To verify the generalization ability of the proposed method, experimental validation was conducted on the nuScenes dataset, with comparisons made against RangeNet++ [17], PMF [36], and 2DPASS [1]. The experimental results are shown in Table 3.

The table shows that in the nuScenes dataset, GMAFNet achieves a 1.3% improvement compared to the 2DPASS method. The experimental results on both datasets further demonstrate that GMAFNet ranks among the top current point cloud semantic segmentation methods. Moreover, GMAFNet’s performance on these two distinct datasets also validates its adaptability and scalability.

In addition, to analyze the training and inference speeds of the model, we tested the inference speed of the model under the same data size and also recorded the time taken to train both models for 40 epochs. The specific experimental results are shown in Table 4 and Table 5.

The experimental results show that, compared with the backbone network, the overall complexity of the model has increased due to the introduction of the farthest point sampling branch in the feature extraction network and the addition of the dynamic gated attention mechanism in the feature fusion network.
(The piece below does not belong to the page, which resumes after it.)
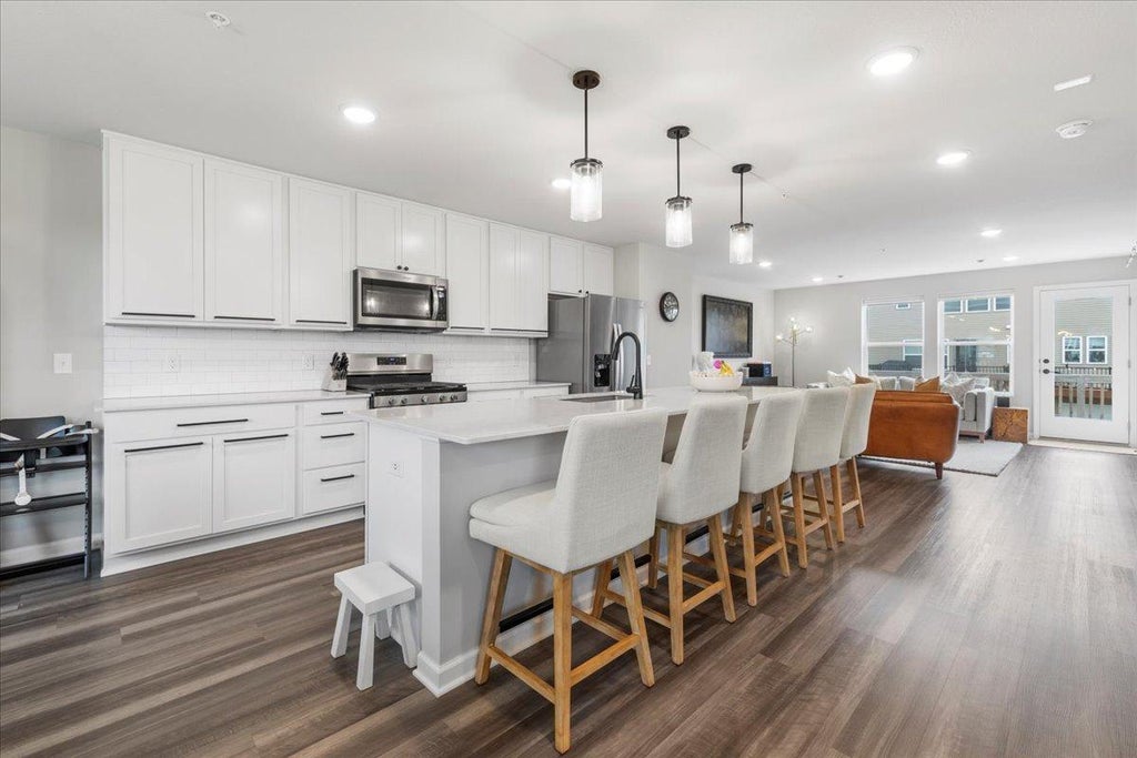 This modern end-unit townhouse offers style, comfort, and convenience in every detail. Upstairs, you’ll find three spacious bedrooms located side by side, including a luxurious primary suite featuring a walk-in closet and a thoughtfully designed private bathroom. The laundry closet is conveniently located just steps from all the bedrooms, making daily routines a breeze. The main level boasts an open-concept layout centered around a show-stopping 10-foot island with seating for gatherings, plus a separate dining area and an inviting living room. A bathroom is conveniently located on every level of the home. On the ground level, the welcoming family room offers endless possibilities—it can be enjoyed as a second living space, converted into a fourth bedroom, or transformed into the perfect home gym or office. The choice is yours! Enjoy the lifestyle this community offers, with multiple paths that lead directly to the playground, as well as a patio area with a cozy fire pit—perfect for relaxing evenings or gathering with neighbors. This end unit also offers a fabulous side yard for pets or children to enjoy!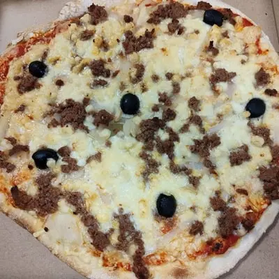 Tomate, emmental, mozzarella, oignons, viande hachée, olives

Compared with 2DPASS, the number of parameters remains unchanged (33.2 M vs. 33.2 M), but the training time has increased by 32% (172 h vs. 130 h). In addition, the inference delay has increased by 2.5% (162 ms vs. 158 ms). Despite the lack of a significant decrease in rate, the model still maintains a high accuracy among mainstream networks, which demonstrates the superior performance of the GMAFNet model. As shown in Figure 7, compared with mainstream networks, GMAFNet has smaller errors.

4.4. Ablation Experiment

To verify the effectiveness of each module and structure proposed in this paper, ablation experiments on the aforementioned methods were conducted using the SemanticKITTI point cloud semantic segmentation dataset. The experimental results are presented in Table 6.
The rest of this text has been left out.